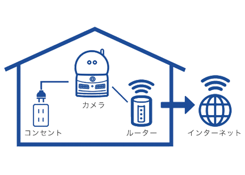 接続から利用開始までは3ステップ!電源、インターネット環境、カメラIDとパスワードだけでかんたんに接続設定ができます。Wi-Fiにも対応しているので、設置場所も選びません。
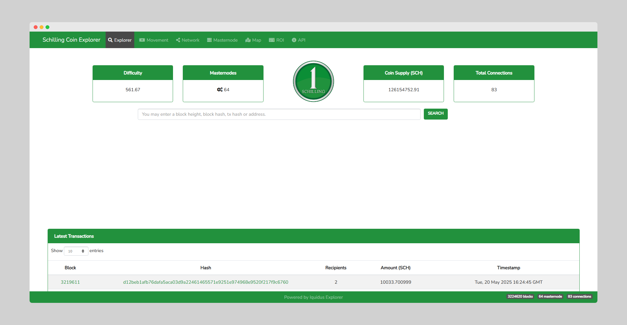 Schilling Coin Explorer是Schilling Coin (SCH)的官方浏览器,提供区块查询,地址查询,交易查询等功能
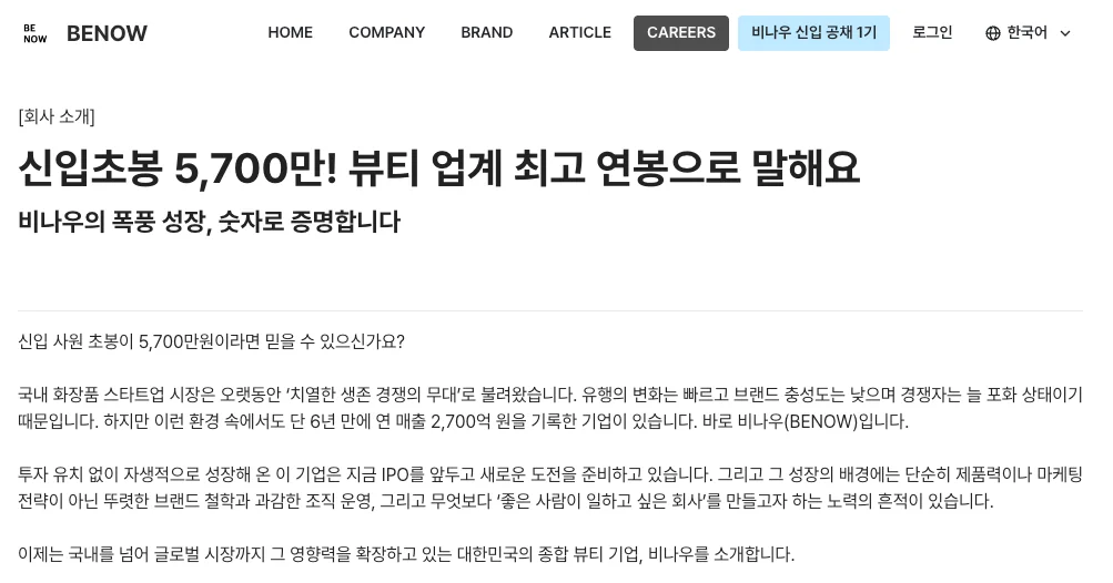 극단적인 사례로 최근 K-뷰티 대표기업 중 하나인 비나우는 신입 마케터 공고에 초봉 5,700만원을 제시하며 업계의 큰 관심을 끌었습니다.
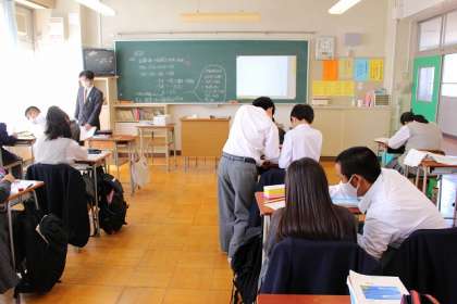 方程式の利用(ひとりひとりの解答を確認しています、教え合いの場面です)
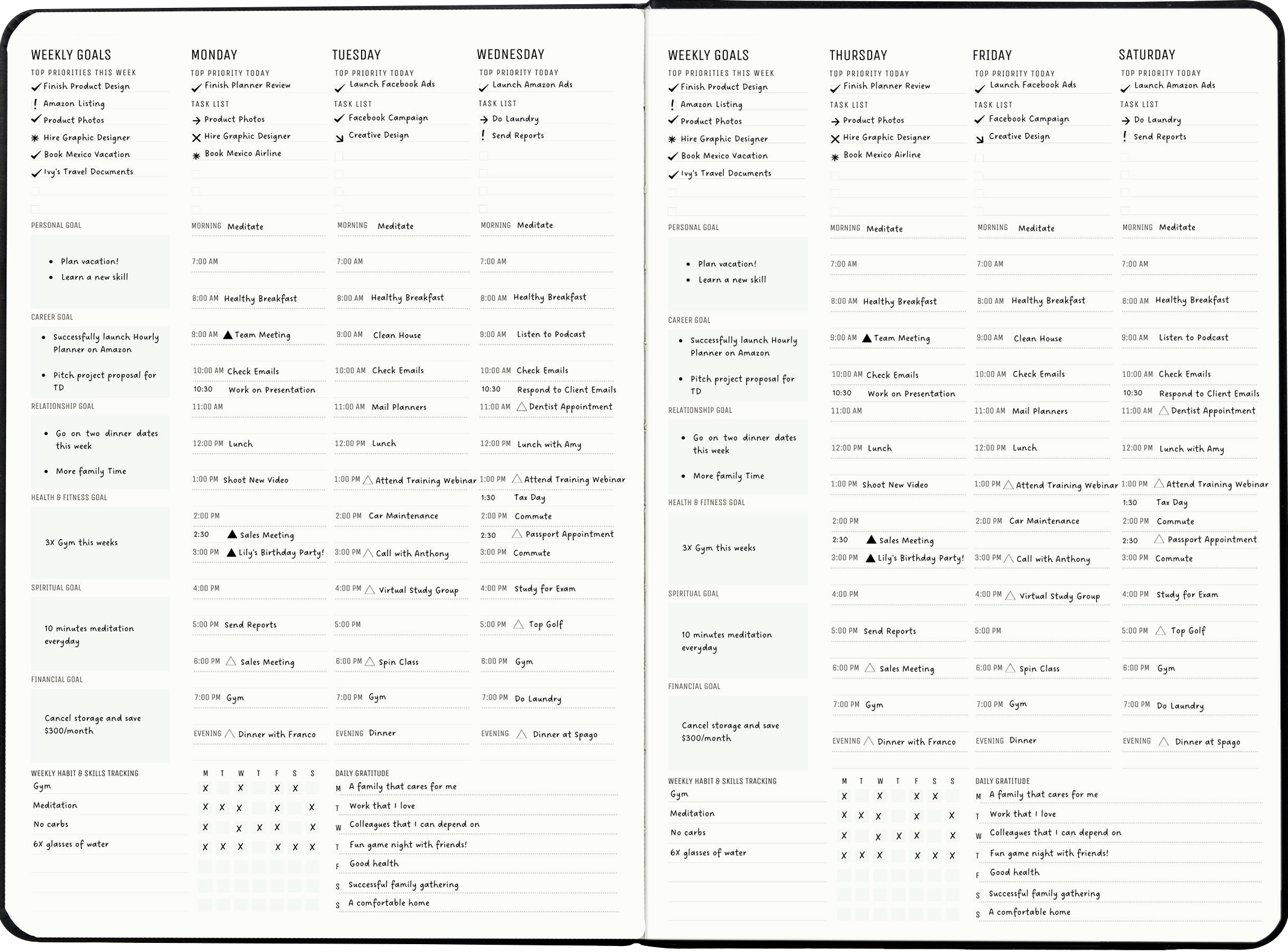 Make the most of every week with a well-organized and efficient spread to oversee your daily goals and hourly appointments. It offers a structured format for systematically planning, coordinating, and evaluating your tasks and activities throughout the week.
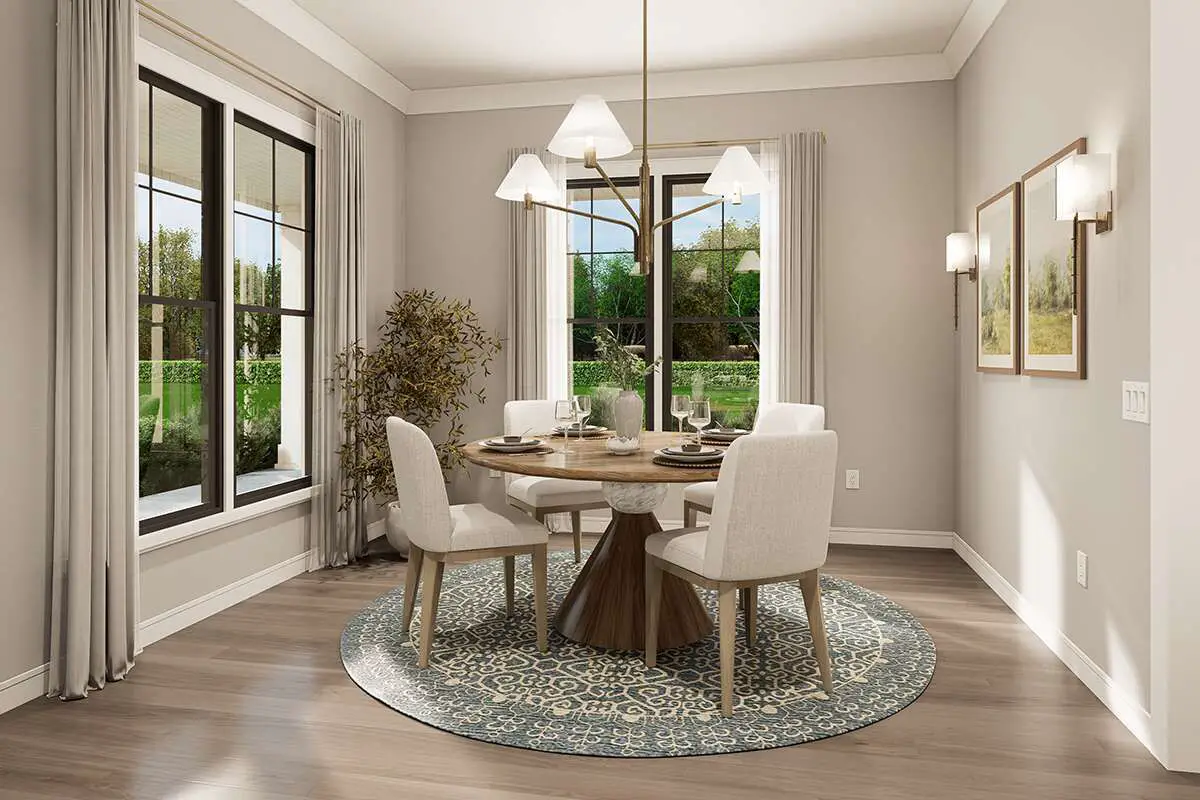 The kitchen includes a center island and a walk-in pantry, giving practical prep and storage space. The dining area can comfortably seat a family of six to eight.

▬▬▬▬▬▬▬▬▬▬

WHAT THE TASK REQUIRES:
Every line of the listing above is to be repeated exactly, with its pictures left out.

EXERCISE RESULT:
 接続から利用開始までは3ステップ!電源、インターネット環境、カメラIDとパスワードだけでかんたんに接続設定ができます。Wi-Fiにも対応しているので、設置場所も選びません。
 Schilling Coin Explorer是Schilling Coin (SCH)的官方浏览器,提供区块查询,地址查询,交易查询等功能
 극단적인 사례로 최근 K-뷰티 대표기업 중 하나인 비나우는 신입 마케터 공고에 초봉 5,700만원을 제시하며 업계의 큰 관심을 끌었습니다.
 方程式の利用(ひとりひとりの解答を確認しています、教え合いの場面です)
 Make the most of every week with a well-organized and efficient spread to oversee your daily goals and hourly appointments. It offers a structured format for systematically planning, coordinating, and evaluating your tasks and activities throughout the week.
 The kitchen includes a center island and a walk-in pantry, giving practical prep and storage space. The dining area can comfortably seat a family of six to eight.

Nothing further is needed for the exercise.